The following script is a minimal example that would give different performance with different PyTorch releases. I attached the profile flowcharts with this thread. The two versions are the current master and the one from anaconda -c soumith. Both versions need a few seconds for the first forward call between ‘1’ and ‘2’ in the code, but the current dev version spends a good half a minute between ‘4’ and ‘5’ for every epoch. In two systems that I observed this, they are both Linux with CUDA 8.0.44 and Python 3.6.1.
The profile charts:
Anaconda version: https://osu.box.com/s/i3154wrjhplw7z9uzf4h9ojiwsftrbgm
Master version: https://osu.box.com/s/poa8b66o6w7c7bdq7aoi0yrvy8z95uvt
The weird thing is that it seems the slowdown is caused by print but it isn’t. If the print statement is changed to something else, say a = y.data == 3, then the slowdown will move to the next operation related to CUDA. In this script, it will move to x.cuda(). I also observe that the GPU is super busy after the backward call, which may have caused the slowdown, but I can’t say what is causing the GPU to be completely occupied for half a minute as no other program is running on it.

from torch import nn
from torch.autograd import Variable
import torch
import torch.nn.functional as F
import numpy as np

class CNN_Text(nn.Module):
    def __init__(self):
        super(CNN_Text, self).__init__()

        V = 2000
        D = 300
        Co = 300
        Ks = [3,4,5]

        C = 359
        Ci = 1
        self.embed = nn.Embedding(V, D, padding_idx=1)

        self.convs1 = nn.ModuleList([nn.Conv2d(Ci, Co, (K, D)) for K in Ks])

        self.dropout = nn.Dropout(0.5)
        self.fc1 = nn.Linear(len(Ks) * Co, C)

    def forward(self, x):
        x = self.confidence(x)
        logit = F.log_softmax(x)  # (N,C)
        return logit

    def confidence(self, x):
        x = self.embed(x)  # (N,W,D)

        x = x.unsqueeze(1)  # (N,Ci,W,D)
        x = [F.relu(conv(x)).squeeze(3) for conv in self.convs1]  # [(N,Co,W), ...]*len(Ks)

        x = [F.max_pool1d(i, i.size(2)).squeeze(2) for i in x]  # [(N,Co), ...]*len(Ks)
        x = torch.cat(x, 1)

        x = self.dropout(x)  # (N,len(Ks)*Co)
        linear_out = self.fc1(x)
        return linear_out

cnn = CNN_Text()
cnn.cuda()

for i in range(10):
    x = np.random.randint(0, 1500, (359, 15))
    x[:, 0:5] = 1
    x[:, -3:] = 1
    y = np.random.randint(0, 359, (359,))
    x = torch.from_numpy(x)
    y = torch.from_numpy(y)
    print('1')
    x = Variable(x.cuda())
    y = Variable(y.cuda())
    x = F.log_softmax(cnn(x))
    print('2')
    loss = F.nll_loss(x, y)
    print('3')
    loss.backward()
    print('4')
    print(y.data)
    print('5')

Lifeng_Jin · July 3, 2017, 7:38pm

Also the anaconda version has quite a few places different from the documentation (norm does not support keepdim, there is no matmul etc.). Hopefully it will be updated soon.
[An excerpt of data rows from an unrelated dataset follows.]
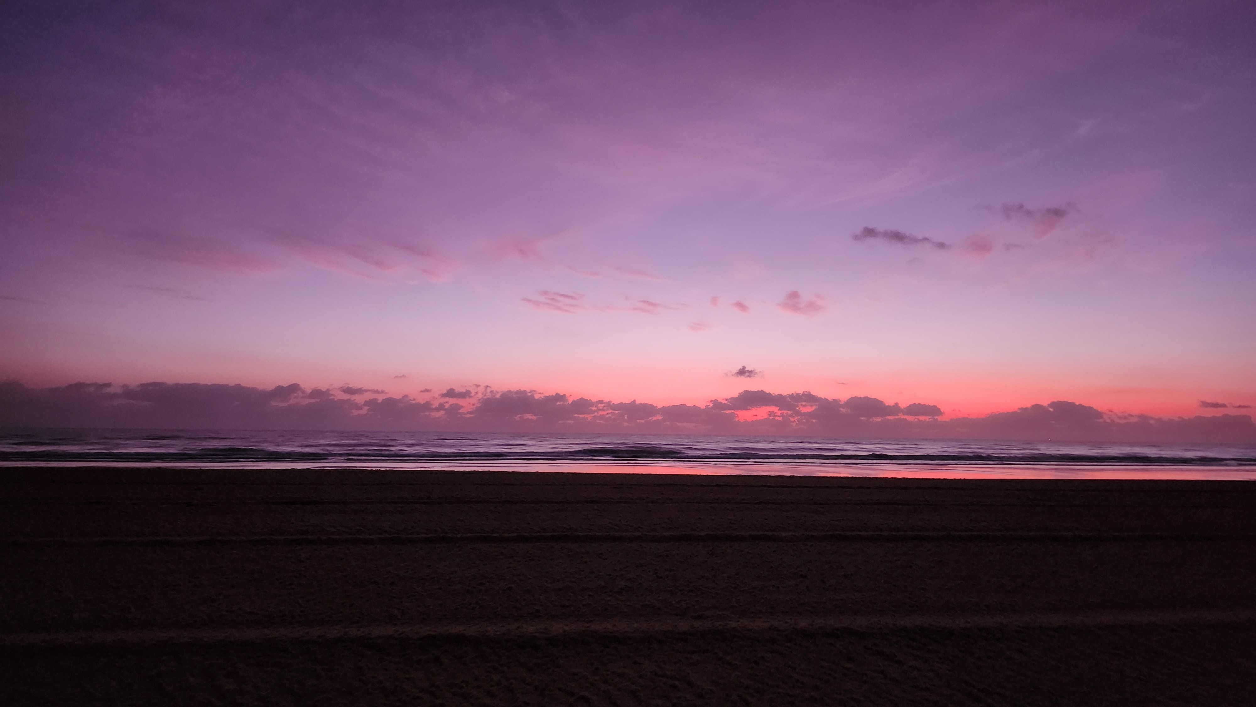 골드코스트 해변의 해 뜨기 40분전(좌), 해 뜨고 15분 후 (우) 제가 머무르던 날, 골드코스트에서는 해가 새벽 4시 45분에 뜹니다. 골드코스트의 일출을 보기 위해 3시 30분에 일어나 해변으로 향합니다. 밤사이에 모래를 고르는 차량이 몇 번 지나가서인지 모래가 반듯하게 펼쳐져 있습니다. 평평한 모래에 발자국을 남기며 걷습니다. 해변에는 몇몇 사람들이 이미 시간을 보내고 있습니다. 해가 뜨는 시간이 조금씩 가까워지면서 하늘은 보랏빛으로 물듭니다. 하루 중 가장 추운 이 시간에 세상은 가장 따뜻한 빛깔로 물듭니다. 해 뜨는 시간이 점점 다가오며 따뜻하던 세상은 조금씩 밝아집니다. 어느 순간부터 하늘은 파란색으로 바뀝니다. 해가 뜨는 순간입니다. 오늘도 동쪽에서 서쪽으로 갈 길이 먼 해는 뜨자마자 눈에 띌 정도로 위로 올라갑니다. 해가 제 갈길을 갈수록 세상은 맑아집니다. 잘 보이지 않던 서퍼스 파라다이스와 브로드비치의 고층 건물들이 햇빛을 반사하며 밝게 빛납니다. 본격적인 아침의 시작입니다.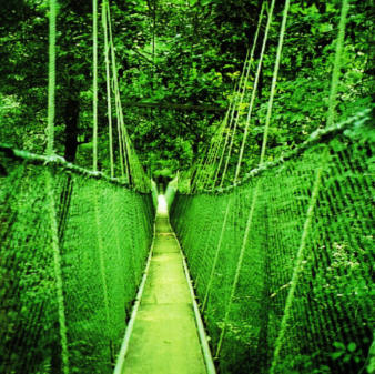 Vertrauen entgegen. Die Brücke führt über einen reissenden Bach, und befestigt wurde sie mit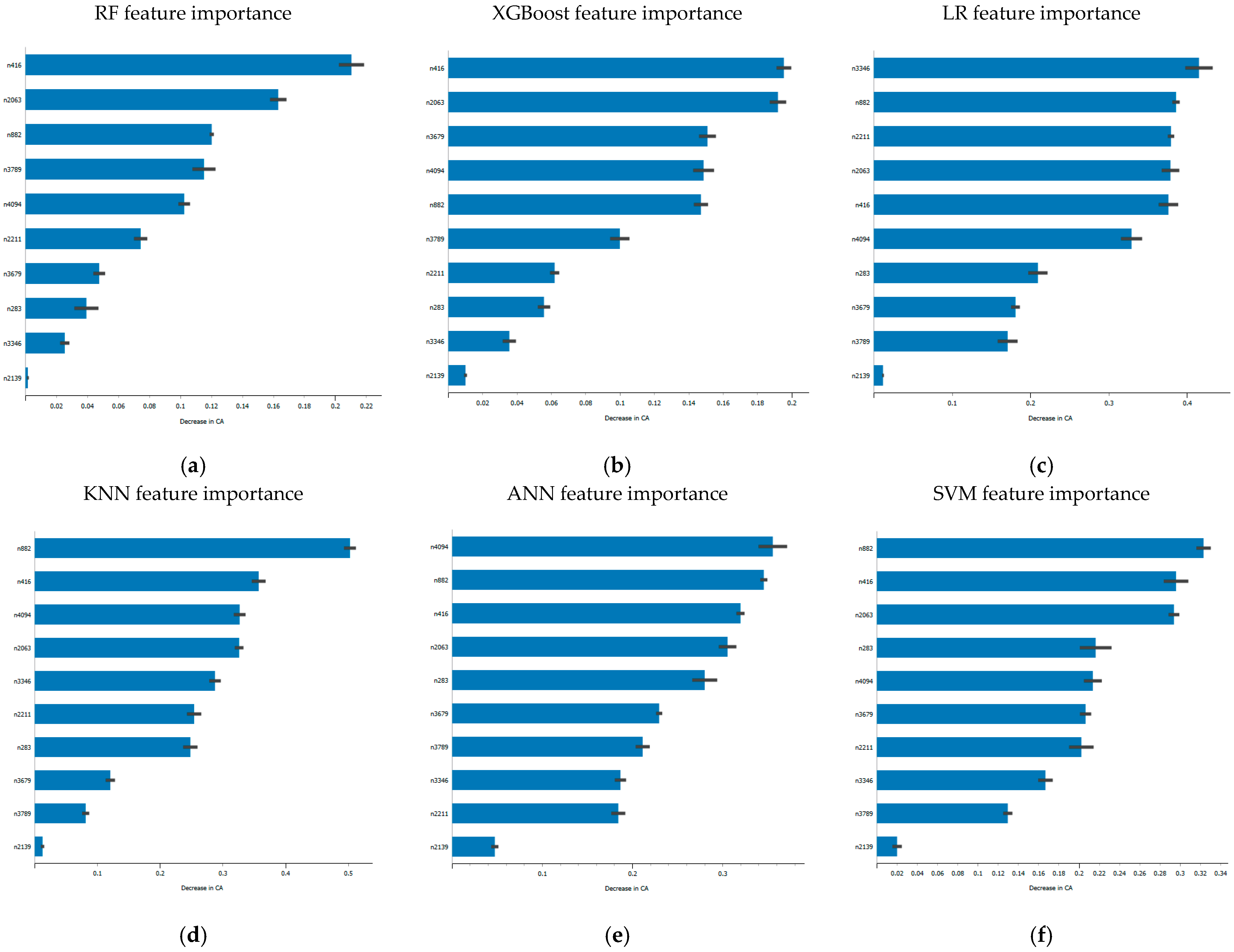 45]. The greater the degradation in performance, the more important the feature is deemed to be.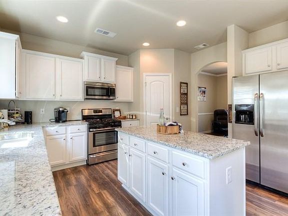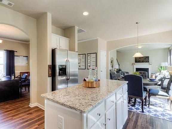 - Kitchen Features: Pantry, View to Family Room, Stone Counters, Kitchen Island, Cabinets White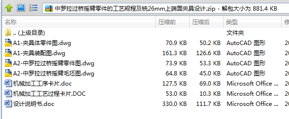 中罗拉过桥摇臂零件的工艺规程及铣高度为26mm上端面的夹具设计是包括零件加工的工艺设计、工序设计以及专用夹具的设计三部分。在工艺设计中要首先对零件进行分析,了解零件的工艺再设计出毛坯的结构,并选择好零件的加工基准,设计出零件的工艺路线;接着对零件各个工步的工序进行尺寸计算,关键是决定出各个工序的工艺装备及切削用量;然后进行专用夹具的设计,选择设计出夹具的各个组成部件,如定位元件、夹紧元件、引导元件、夹具体与机床的连接部件以及其它部件;计算出夹具定位时产生的定位误差,分析夹具结构的合理性与不足之处,并在以后设计中注意改进。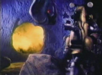 Zoom out from Doubleface as he and Cyclopter talk. |

smth · July 3, 2017, 8:41pm

whenever you add benchmarks with CUDA, you need to make sure you call torch.cuda.synchronize() right before collecting the time.

For example:

x = x.cuda()
print('1')
y = x ** 2
torch.cuda.synchronize()
print('2')

In your case, add torch.cuda.synchronize() right before print(‘2’) and print(‘3’) and print(‘4’)
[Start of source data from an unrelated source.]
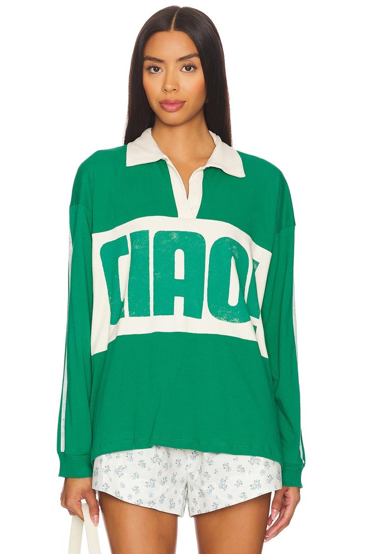 Bold green cotton jersey combines with a classic polo collar and long sleeves to create a relaxed, loose fit rugby top. The hip-length silhouette features a striking white graphic print across the front and contrasting white stripes down the sleeves, giving it a sporty street style vibe. This pullover henley top is perfect for casual days, everyday wear, or laid-back streetwear looks. Its breathable cotton fabric ensures comfort and versatility across all seasons.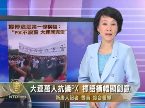 【新唐人2011年8月17日訊】8月14日,大連近八萬民眾上街遊行示威,抗議福佳大化PX項目將毒工廠建在市區內。在示威活動中,人們製作的各式各樣表達不滿的橫幅、標語,也相當有創意。下面請看雪莉的報導。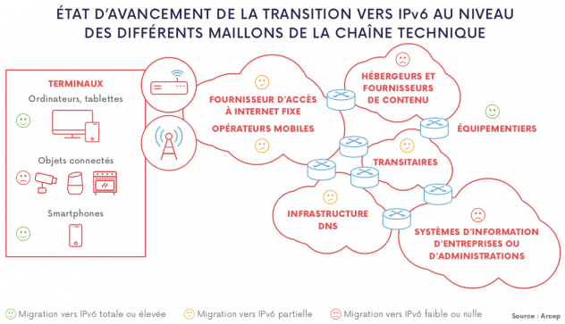 Dans son rapport, l'Arcep met en exergue de grosses différences dans l'adoption d'IPv6 selon les maillons de la chaine technique

Lifeng_Jin · July 3, 2017, 9:06pm

Yes, you are right. I have added torch.cuda.synchronize() to the example and now the majority of time spent in this case is at the backward call. The torch_C._cuda_synchronize is the most time consuming operation, spending 469 seconds. So the weirdness of print taking a long time is gone, but why is backward so slow with the dev version?
The other version works just fine. The flowchart looks like the one posted. Nothing interesting.